Q. I’m heavy and I want to start running to lose weight. Should I worry about my knees?
Yes and no. Let’s deal with the yes first. You should be cautious because extra pounds put a lot of extra force on your knees. Consider that the weight translated through the knee during running can be four or five times your weight. So the grim math goes like this: If you are 15 pounds overweight, that’s an extra 75 pounds on your knees, and an extra 50 pounds is equal to up to 250 pounds.

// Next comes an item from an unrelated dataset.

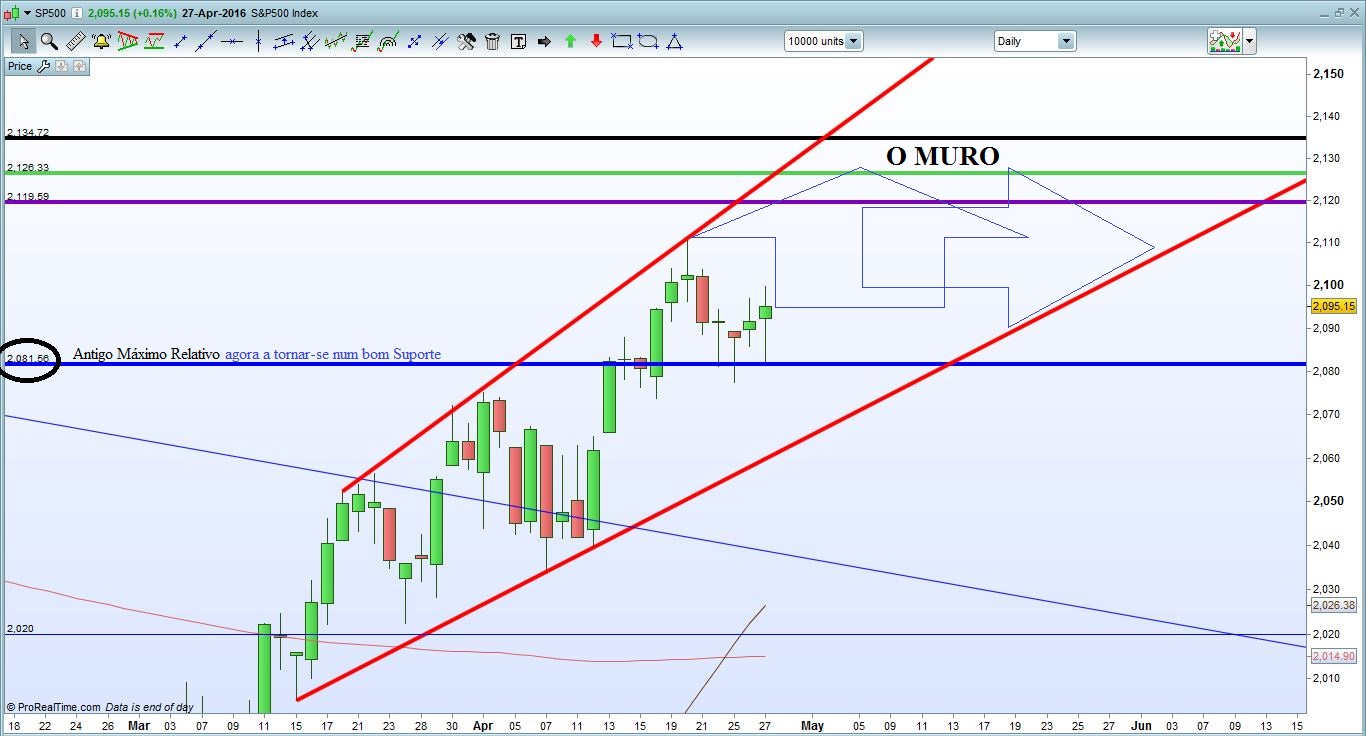 No que diz respeito ao sp500 ficam os graficos diario e semanal :

Okay, enough of the doom and gloom. Running will help you lose weight—and you’ll see an even bigger impact if you combine that new activity with dietary changes. As you lose the extra weight, the pressure on your knees will decrease exponentially. Another good result, running and other weight-bearing activities will load (force applied) and unload (force removed) your joints, which will improve circulation in the area, bringing in fresh blood and oxygen and flushing waste away from the joint. But—and this is a big BUT—if the joint is out of alignment, you risk injury.
So let’s talk about a balanced body. I believe that balance is the single most important factor for you across the board. If you are balanced you can do anything.
A balanced body is in proper alignment, is fully functional, and is able to recruit all muscles appropriately. Essentially, it is the way most of us felt when we were 16. As a teenager, there was no, “This is gonna hurt tomorrow,” mentality. We barely cared about warms up and had no idea what a cool down might be. We just worked. If we wanted to run 8 miles, we did it. And our bodies just worked.
Your muscles are your first line of defense in any activity. If muscles don’t absorb the force properly something else will have to absorb it. That something else is going to be your bones, joints, and cartilage.
In an imbalanced body ankles roll, backs hurt, hip flexors are tight, and so on—you get the idea. If you are imbalanced, your force absorption is imbalanced. Running increases the force translated through your joints and therefore increases the imbalance force.
Back to the knee: A knee is designed to bend and straighten (frontal plane movement). No one wants to see a knee twist (transverse plane movement). Injury occurs when the knee moves in the frontal and transverse plane in either one big gigantic disaster or from prolonged misuse. If it’s not working when you’re walking, then surely you’re not running properly.
Here are a few concrete suggestions:
1. Warm up properly A proper dynamic warm up is useful to make sure your muscles are working reflexively. After sitting for 8 hours, you need to prepare your body for exercise. A dynamic warm up is a specific movement pattern that will turn on muscles that you need to properly do a movement, such as lunges or squats, not just reaching for your toes and holding.
2. Strengthen your core Developing core stability and strength will help your body absorb force properly and take some pressure off the knees. When I say core, I mean abs, as well as glutes, lats, and hips.
3. Adjust your running form When you run, focus on keeping your knees in alignment. Unbalanced runners tend to have their knees fall in—try to keep them straight.
4. Gear up! Get yourself some good, supportive shoes designed specifically for running.
5. Pay attention to your body My advice for running and all other activities is to listen to your body. If it causes you pain, stop doing it and get checked out by a medical professional.
If you want to run, by all means, run. Just run smart!